[PROMPT] Print exactly the lines that run from the opening line of the material through the line with "Edifice. Необритовое светонакопительное", and nothing else, leaving out pictures.

[DATASET EXTRACT]
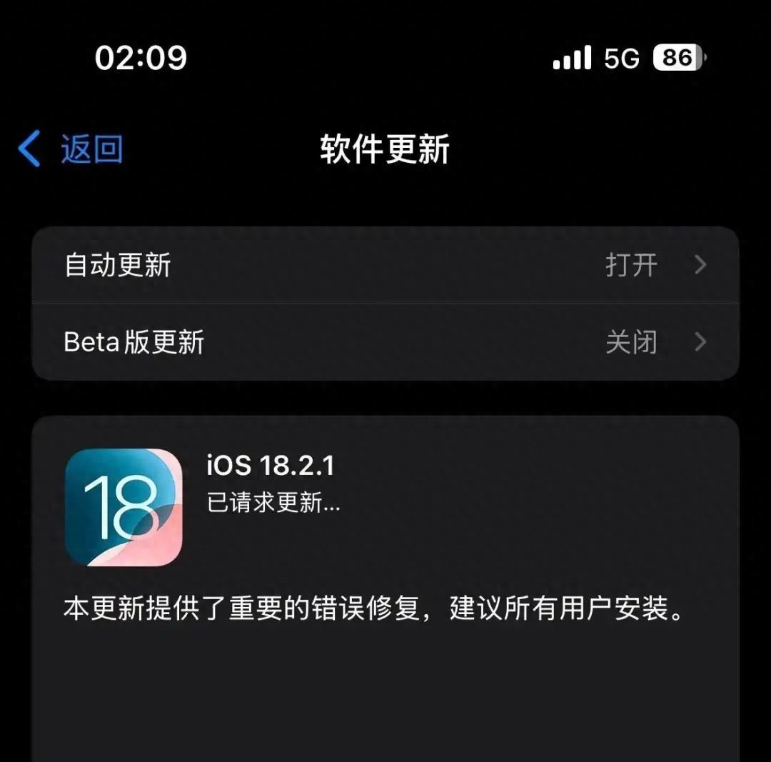 今天凌晨,蘋果發布了 iOS 18.2.1 正式版更新,與 iOS 18.2 更新時隔 26 天的時間,本次更新的版本號為:22C161.
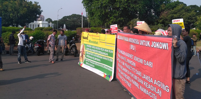 "Kami meminta Presiden segera memecat anak buah Surya Paloh yaitu Enggartiasto Lukita dari jabatannya sebagai Menteri Perdagangan," tegas Choki dalam aksi mereka di depan Istana Negara, Gambir, Jakarta Pusat, Jumat (28/9).
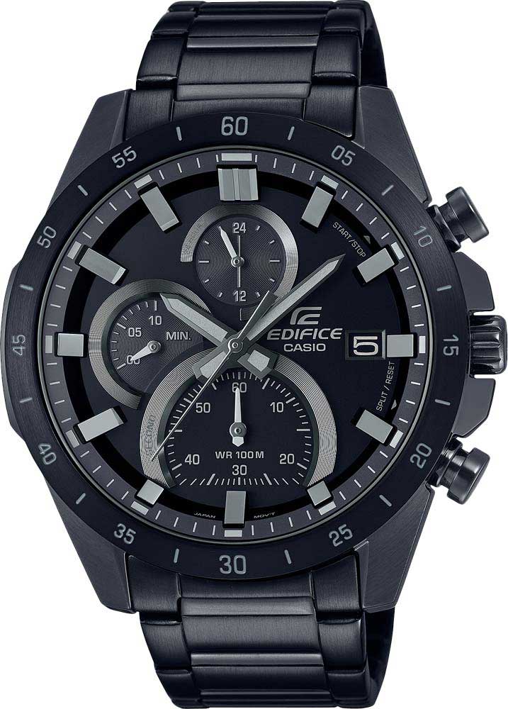 Edifice. Необритовое светонакопительное покрытие обеспечивает длительное послесвечение в темноте даже после кратковременного нахождения на свету. Часы-хронограф с секундомером с точностью показаний 1с и временем измерения 10мин. Окошко даты. Ретроградный указатель минутной стрелки хронографа. Задняя крышка с винтовым фиксатором. Рифленая заводная головка с защитой. Водонепроницаемость 10 Бар в соответствии с ISO 2281. Раскладывающаяся застежка, расстегиваемая одним касанием. Предохранительная защелка на браслете препятствует случайному расстегиванию.
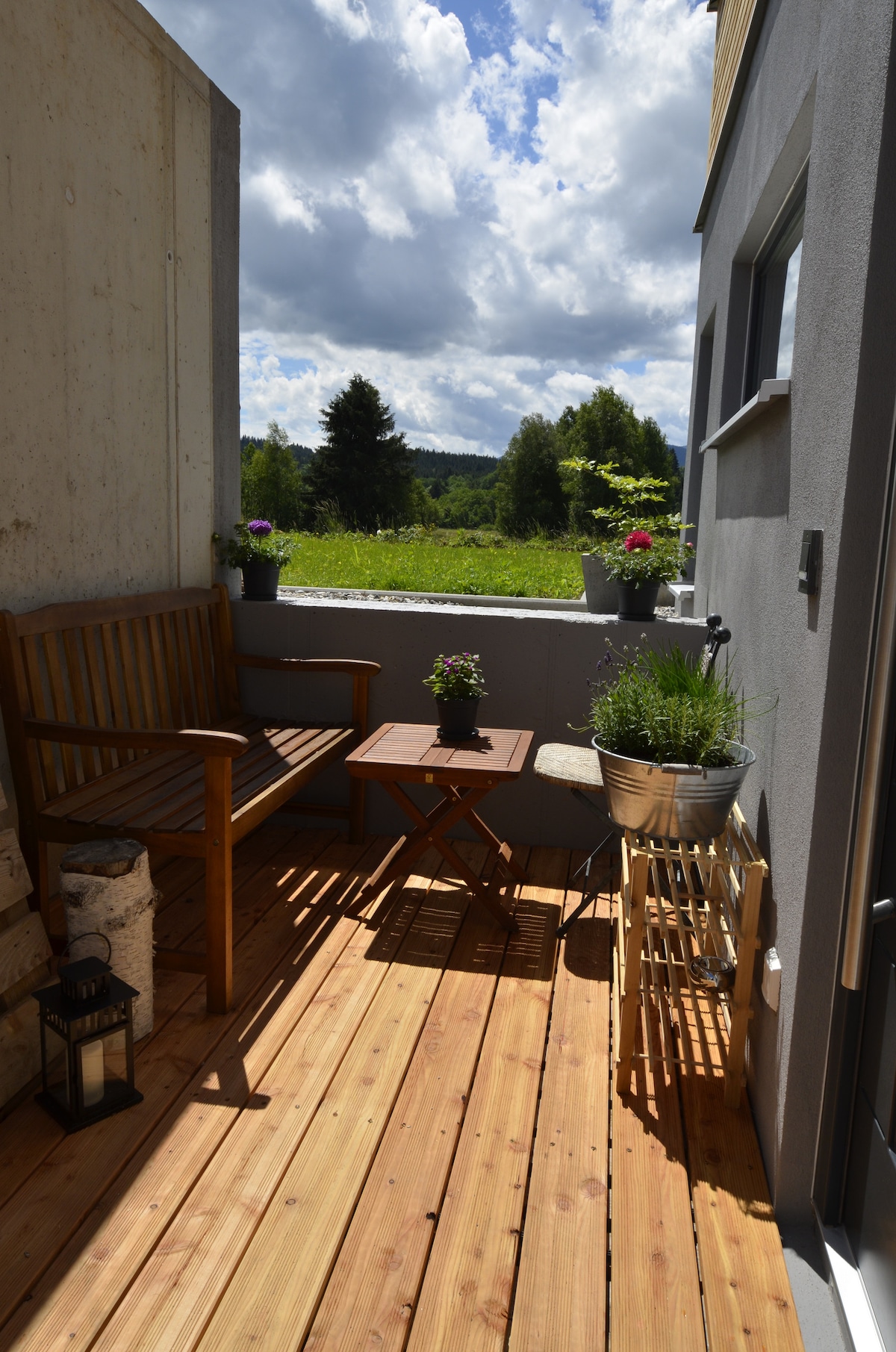 Lesena tla, glineni omet, staro z ljubeznijo obnovljeno leseno pohištvo, kopalnica je velika in svetla. To stanovanje nudi prostor, kjer se lahko sprostite in počutite udobno. Kuhinja-dnevna soba je sodobna in preprosta ter vas vabi, da kuhate in uživate. Dnevni prostor je preplavljen s svetlobo, ima čudovito okno za sedenje in velik balkon s čudovitim razgledom na alpsko vznožje. Zaradi dveh udobnih spalnic in majhna glinena mavčna savna je stanovanje majhen začasen dom.
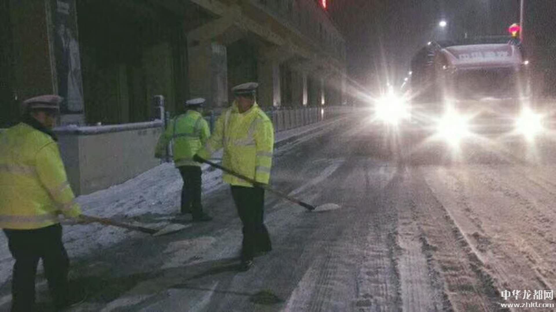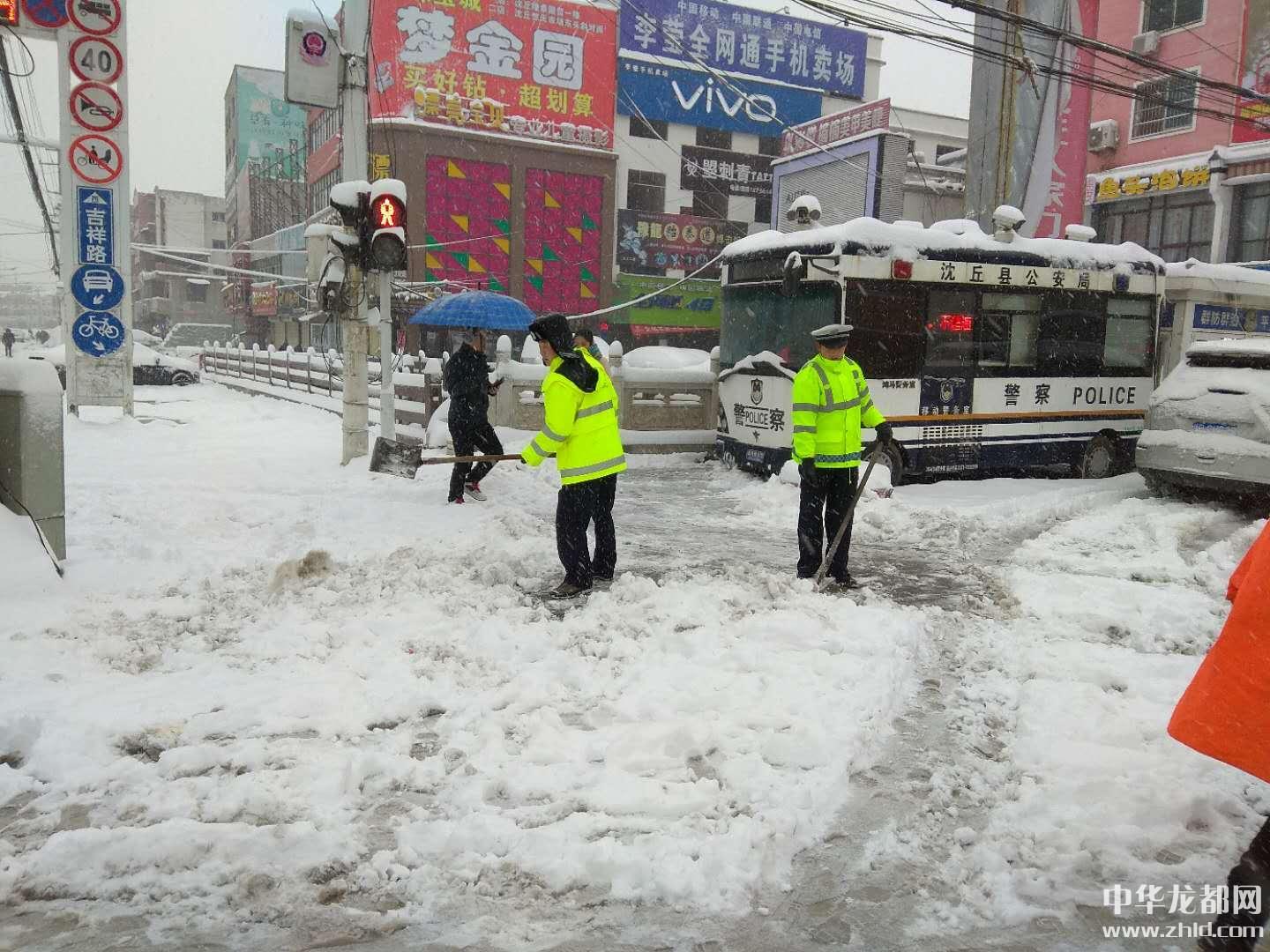 中華龍都網訊(周口報業全媒體記者  韋偉  通訊員  王佳佳 )“加派警力到各個橋梁涵洞,持續清掃路面,防止結冰!”1月4日下午六點,沈丘縣城仍是白雪飄飛,天還沒黑,一道加急令,讓忙碌了一天一夜的交警們打起了十二分的精神,繼續全員上路,不停不歇地進行掃雪及撒鹽除冰工作。

[EXPECTED ANSWER]
 今天凌晨,蘋果發布了 iOS 18.2.1 正式版更新,與 iOS 18.2 更新時隔 26 天的時間,本次更新的版本號為:22C161.
 "Kami meminta Presiden segera memecat anak buah Surya Paloh yaitu Enggartiasto Lukita dari jabatannya sebagai Menteri Perdagangan," tegas Choki dalam aksi mereka di depan Istana Negara, Gambir, Jakarta Pusat, Jumat (28/9).
 Edifice. Необритовое светонакопительное покрытие обеспечивает длительное послесвечение в темноте даже после кратковременного нахождения на свету. Часы-хронограф с секундомером с точностью показаний 1с и временем измерения 10мин. Окошко даты. Ретроградный указатель минутной стрелки хронографа. Задняя крышка с винтовым фиксатором. Рифленая заводная головка с защитой. Водонепроницаемость 10 Бар в соответствии с ISO 2281. Раскладывающаяся застежка, расстегиваемая одним касанием. Предохранительная защелка на браслете препятствует случайному расстегиванию.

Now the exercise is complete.